Repeat exactly the lines of the material below that run from the "Ring med 1 karat" line to the "Biotin 5000mcg &" line, including both, and do not carry over any pictures.

§ INFORMATION GIVEN
********

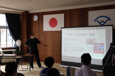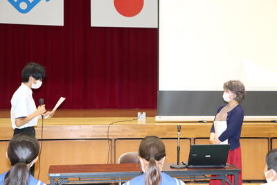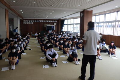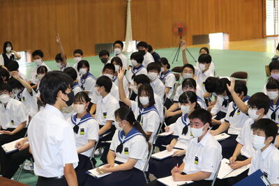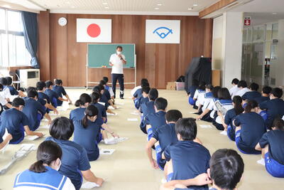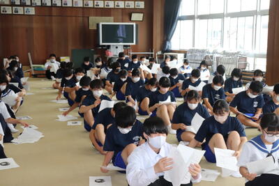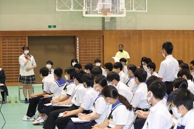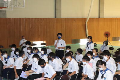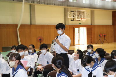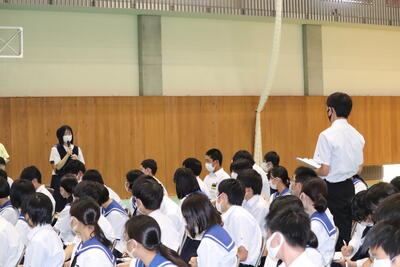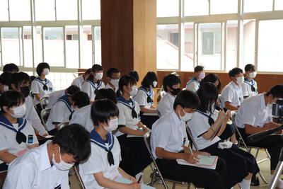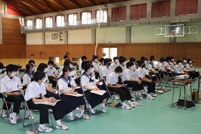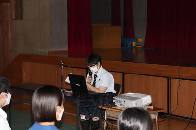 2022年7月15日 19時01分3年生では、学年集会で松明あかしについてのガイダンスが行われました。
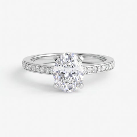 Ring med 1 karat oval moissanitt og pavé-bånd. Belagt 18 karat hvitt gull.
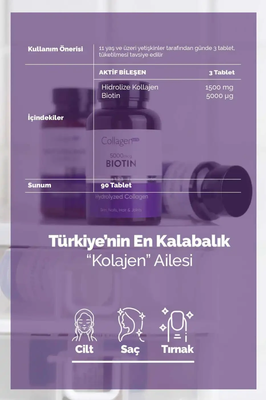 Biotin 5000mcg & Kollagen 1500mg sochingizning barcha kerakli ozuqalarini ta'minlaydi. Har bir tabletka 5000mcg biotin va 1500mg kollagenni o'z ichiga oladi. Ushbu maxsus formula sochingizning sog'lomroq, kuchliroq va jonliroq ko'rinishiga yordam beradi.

********

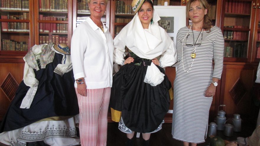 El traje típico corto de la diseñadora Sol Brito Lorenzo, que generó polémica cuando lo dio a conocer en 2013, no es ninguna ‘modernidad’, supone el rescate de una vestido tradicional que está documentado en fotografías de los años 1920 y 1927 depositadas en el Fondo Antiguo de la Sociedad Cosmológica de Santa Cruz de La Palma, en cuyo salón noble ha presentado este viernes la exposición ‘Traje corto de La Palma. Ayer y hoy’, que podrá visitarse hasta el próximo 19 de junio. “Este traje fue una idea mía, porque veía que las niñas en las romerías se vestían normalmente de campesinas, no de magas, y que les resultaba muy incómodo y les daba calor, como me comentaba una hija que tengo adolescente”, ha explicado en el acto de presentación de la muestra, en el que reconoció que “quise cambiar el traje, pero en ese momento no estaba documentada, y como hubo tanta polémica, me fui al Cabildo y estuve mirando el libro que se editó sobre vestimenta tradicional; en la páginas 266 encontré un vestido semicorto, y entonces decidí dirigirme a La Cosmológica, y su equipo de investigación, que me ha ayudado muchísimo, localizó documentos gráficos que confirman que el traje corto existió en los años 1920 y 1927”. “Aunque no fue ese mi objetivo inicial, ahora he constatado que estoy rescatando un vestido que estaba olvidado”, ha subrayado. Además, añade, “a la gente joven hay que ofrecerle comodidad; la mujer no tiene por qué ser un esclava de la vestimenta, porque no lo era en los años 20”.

********

§ WORKED SOLUTION
 Ring med 1 karat oval moissanitt og pavé-bånd. Belagt 18 karat hvitt gull.
 Biotin 5000mcg & Kollagen 1500mg sochingizning barcha kerakli ozuqalarini ta'minlaydi. Har bir tabletka 5000mcg biotin va 1500mg kollagenni o'z ichiga oladi. Ushbu maxsus formula sochingizning sog'lomroq, kuchliroq va jonliroq ko'rinishiga yordam beradi.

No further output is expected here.